Create a Python script (e.g., image_crawler.py) in VSCode and write a script using Beautiful Soup and Requests libraries for web scraping. The script might look like this:

import os
import requests
from bs4 import BeautifulSoup
from urllib.parse import urlparse, urljoin

def download_image(url, folder):
    try:
        response = requests.get(url, stream=True)
        file_extension = url.split('.')[-1]
        file_name = os.path.join(folder, f"{hash(url)}.png")

        with open(file_name, 'wb') as file:
            for chunk in response.iter_content(chunk_size=128):
                file.write(chunk)
        
        print(f"Downloaded: {url}")
        return file_name
    except Exception as e:
        print(f"Error downloading {url}: {e}")
        return None

def crawl_images(search_query, num_images, save_folder):
    search_url = f"https://www.google.com/search?q={search_query}&tbm=isch"
    headers = {'User-Agent': 'Mozilla/5.0 (Windows NT 10.0; Win64; x64) AppleWebKit/537.36 (KHTML, like Gecko) Chrome/91.0.4472.124 Safari/537.36'}

    response = requests.get(search_url, headers=headers)
    soup = BeautifulSoup(response.text, 'html.parser')

    image_urls = []
    for img in soup.find_all('img', class_='t0fcAb'):
        image_url = img.get('src')
        if image_url:
            image_urls.append(image_url)

    if not os.path.exists(save_folder):
        os.makedirs(save_folder)

    count = 0
    for url in image_urls[:num_images]:
        download_image(url, save_folder)
        count += 1

        if count == num_images:
            break

if __name__ == "__main__":
    search_query = "your_search_query"  # Replace with your desired search query
    num_images = 100  # Adjust the number of images you want
    save_folder = "images"  # Replace with your desired save folder

    crawl_images(search_query, num_images, save_folder)

Step 3: Run the script

In VSCode, open a terminal and run the script:

python image_crawler.py

This script will download images from Google Image search based on the specified query and save them in the specified folder.

Step 4: Annotate images

After downloading images, you need to annotate them for YOLO. You can use annotation tools like LabelImg for this purpose.

Step 5: Organize your dataset

Organize your dataset into the YOLO format.
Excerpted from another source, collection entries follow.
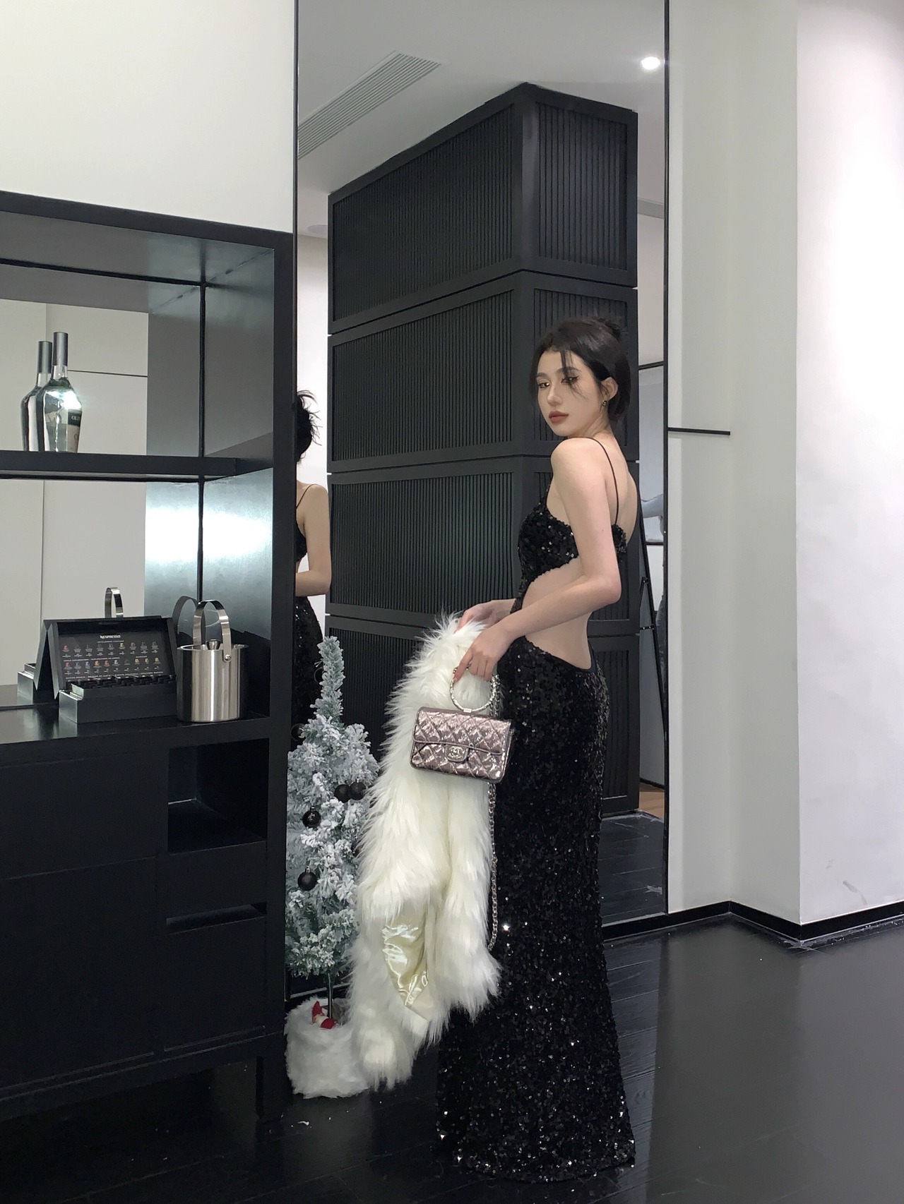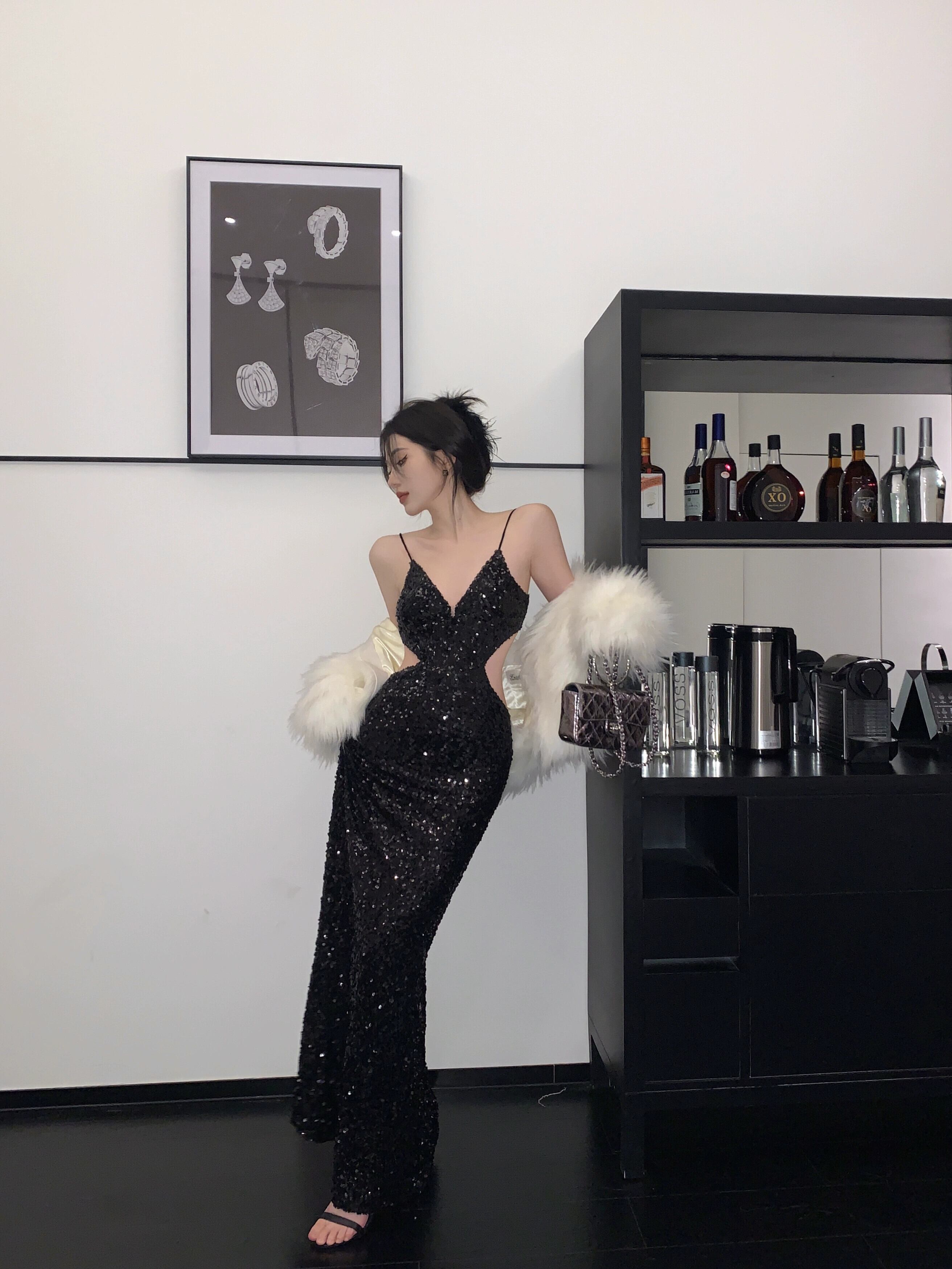 黒のイブニングドレスロングスカート女性のハイエンドライト高級ニッチハイエンドセンス宴会スパンコールセクシーな背中の開いたサスペンダードレス ブラック yeyij9496256632
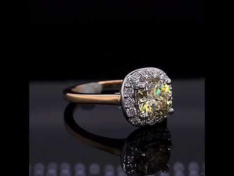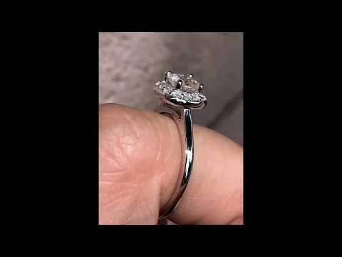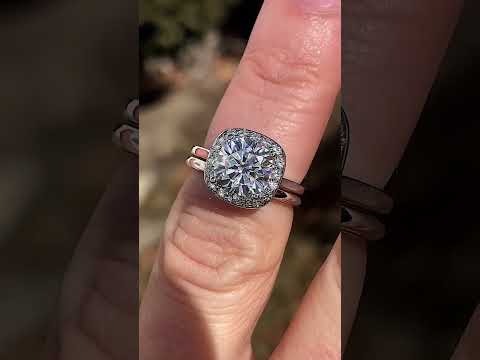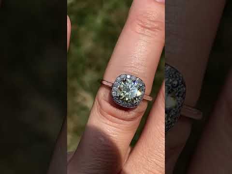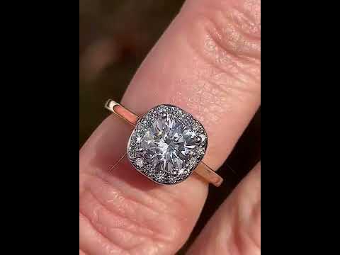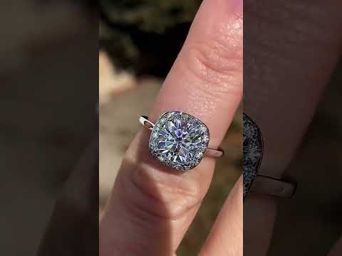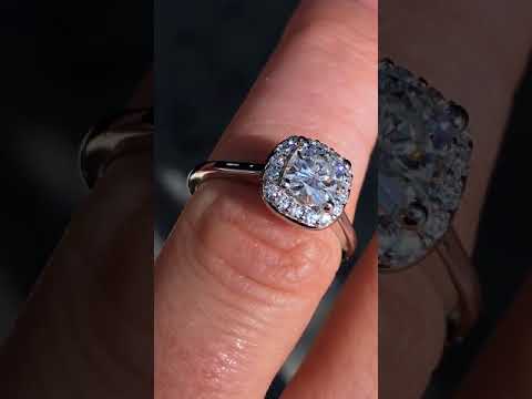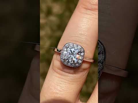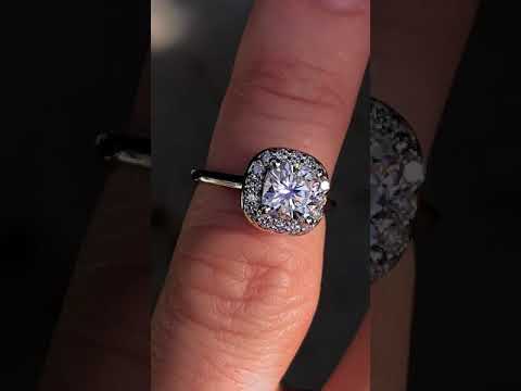 This unique engagement ring features a beautiful halo design, a cushion cut lab grown diamond center stone, and up to .30ct of round brilliant lab grown diamond side stones, cast in a 14k gold, 18k gold or platinum mounting.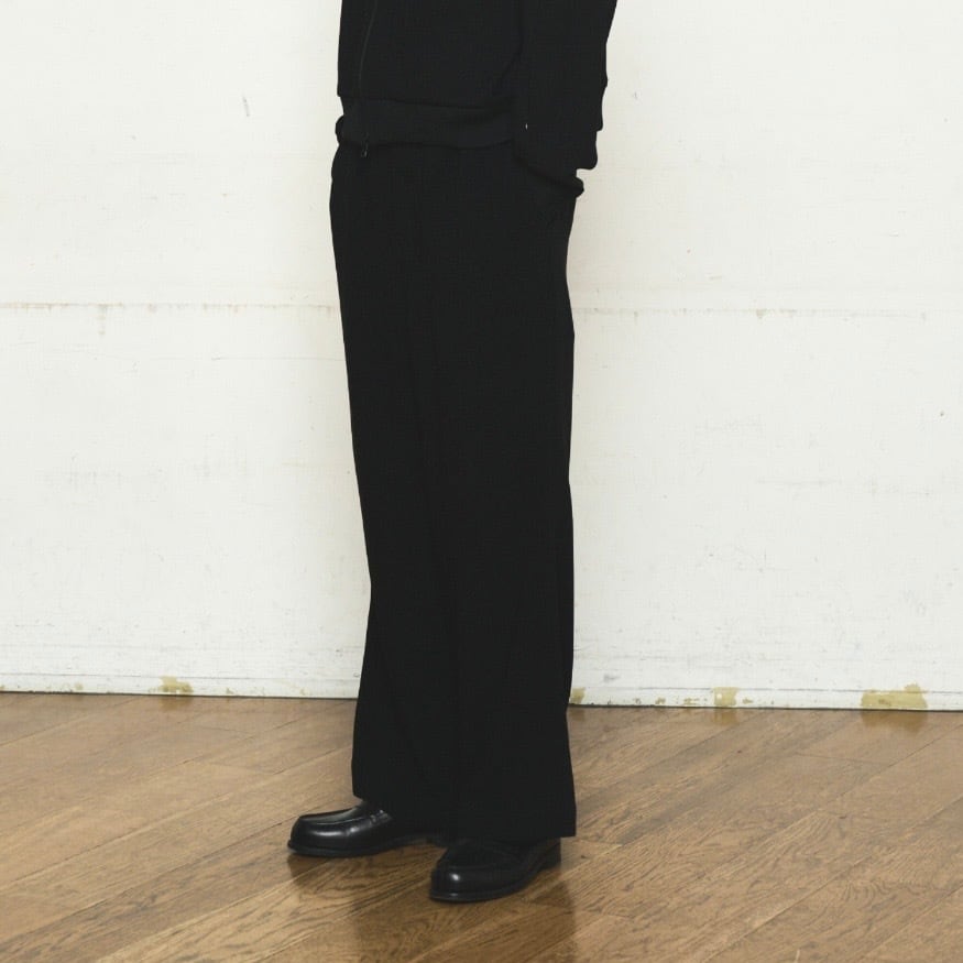 ゆるくリラックス感漂うロトルのイージートラウザーズです。 サイドはぐるりと生地を使っているため履き心地がとても快適、ジャージライクなテレっとした上質なトリアセテート71% ポリエステル29%の混紡素材 適度な伸縮性のある上品な質感です。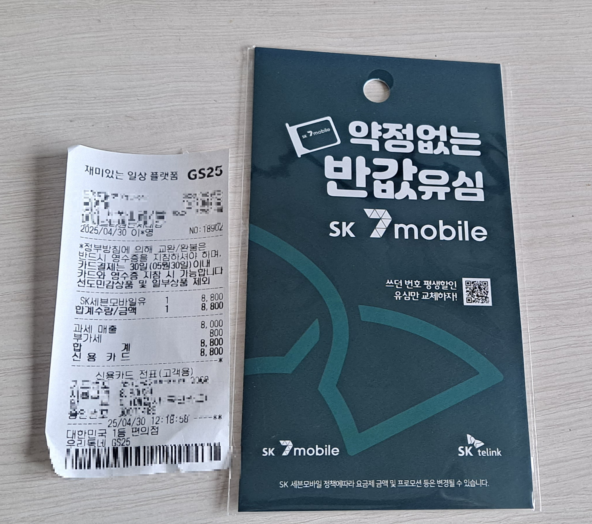 저는 4월 30일 GS25 편의점에서 SK 7모바일 유심을 8,800원에 직접 구매했습니다.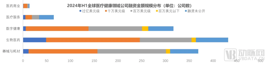 全球范围内,2024年H1的医疗健康产业融资按细分领域区分,包含生物医药类融资432次、合计157亿美元;器械与耗材类融资469次、合计57亿美元;数字健康类融资317次、合计46亿美元;医疗服务类融资65次、合计43亿美元;医药商业类融资14次、合计4亿美元。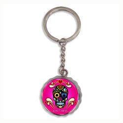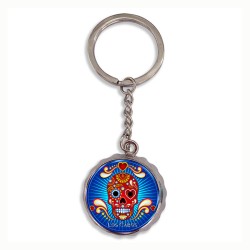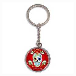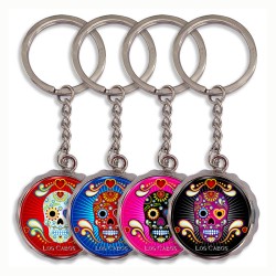 Llavero corcholata de metal con calaveras, tipícas del Día de muertos en México. Disponible en 4 colores diferentes, amarillo, negro, rojo, azul, es un souvenir de mucho exito ideal para recordar las bonitas tradiciones de México.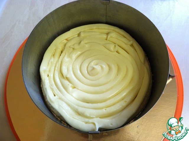 Делаем бортик из крема вокруг компоте и само компоте также покрываем тонким слоем крема.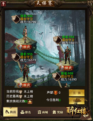 玩家在天梯赛中,每天只有十次的免费挑战机会,可以根据敌我双方的战斗力对比,来选择合适的敌人,成功打败名次高的敌人,就可以得到声望奖励以及上升名次。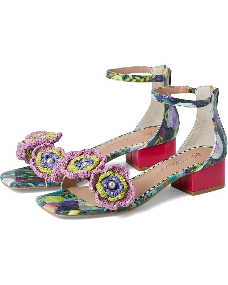 - Perfect for any fashionista, the Blue™ by Betsey Johnson Brandee heels are sweet and girly with their flower embellishments. The adjustable ankle strap ensures a perfect fit. These heeled sandals have a faux leather upper, insole, and lining.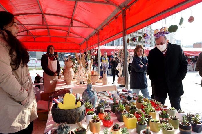 Meydanda kurulan stantlarda Kadın Dayanışma Merkezi’nde üretilen turunçgil, lavanta, spirulina ve yosun kokulu sabunlar, kiraz çiçeği ve turunçgil kolonyaları, her biri sanat eseri olan seramik ürünler ile SEYMER’lerde üretilen dekoratif ev ürünleri, yeni yıl temalı taş, seramik boyama ürünleri, dekoratif saksılarda çiçekler, çocuklar için eğlenceli armağanlar, el işi takılar halkın beğenisine sunuldu.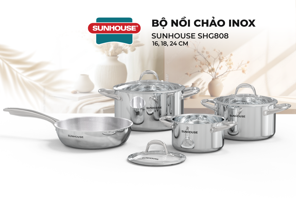 Bộ Nồi Chảo Inox 304 Đáy Liền Sunhouse SHG808 chất liệu Inox không gỉ giúp bộ sản phẩm sáng bóng và dễ dàng vệ sinh, lau chùi. Thiết kế trang nhã với những đường nét bo tròn hiện đại, góp phần tạo nên diện mạo hài hòa, đẹp mắt cho căn bếp gia đình.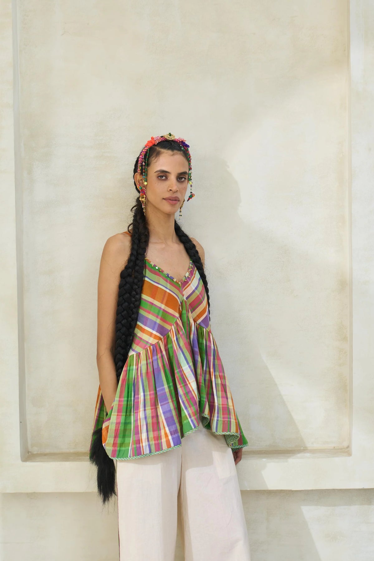 Handwoven, yarn-dyed Bengal 100% cotton irregular Playful Pop Multi check with 100% cotton Spring Green very small check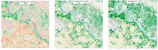 In Figure 15, we compare Scenario 4 set 4 (with 40% misclassification) with scenario 1 set 8 (with 0% misclassification) for reference. Scenario 4 set 4 (Figure 15 and Figure 16) shows that almost as much irrigated agriculture is classified on the north bank as the south bank, with all three algorithms, compared to the other scenarios. At the same time, there is less irrigated agriculture in the CIS, with more emphasis on heterogeneous areas for classifying irrigated agriculture.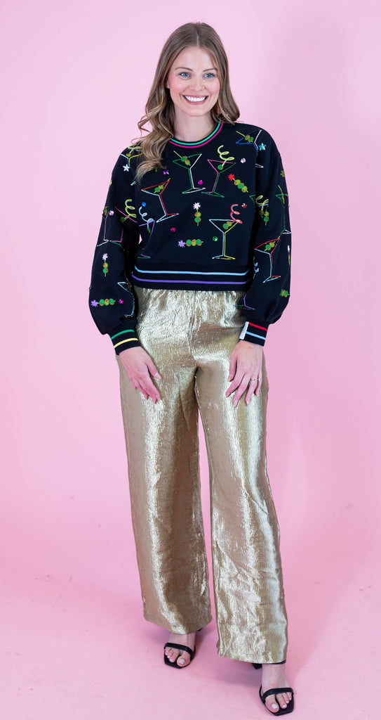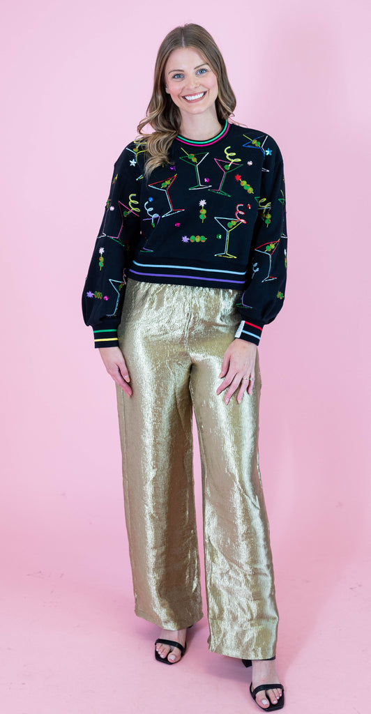 Ring in the new year with unmatched glamour in this Queen Of Sparkles Multi Rainbow Martini Sweatshirt. Featuring a striking black base adorned with vibrant rainbow martini graphics, this piece effortlessly blends playful sophistication with festive flair. Perfect for celebrating in style, whether you're hosting a party or making a statement at midnight. The eye-catching design captures the spirit of celebration while the cozy sweatshirt construction keeps you comfortable all night long. Make this your go-to choice for holiday gatherings and New Year's Eve moments that demand a touch of sparkle and personality.

Each image should have a corresponding text file with the same name containing the bounding box annotations.

Now, you can use this dataset for training your YOLO model.

Note: Ensure that you have permission to use and download images from the internet, and comply with the terms of service of the websites you scrape. Additionally, web scraping may be subject to legal and ethical considerations. Always respect copyright and intellectual property rights.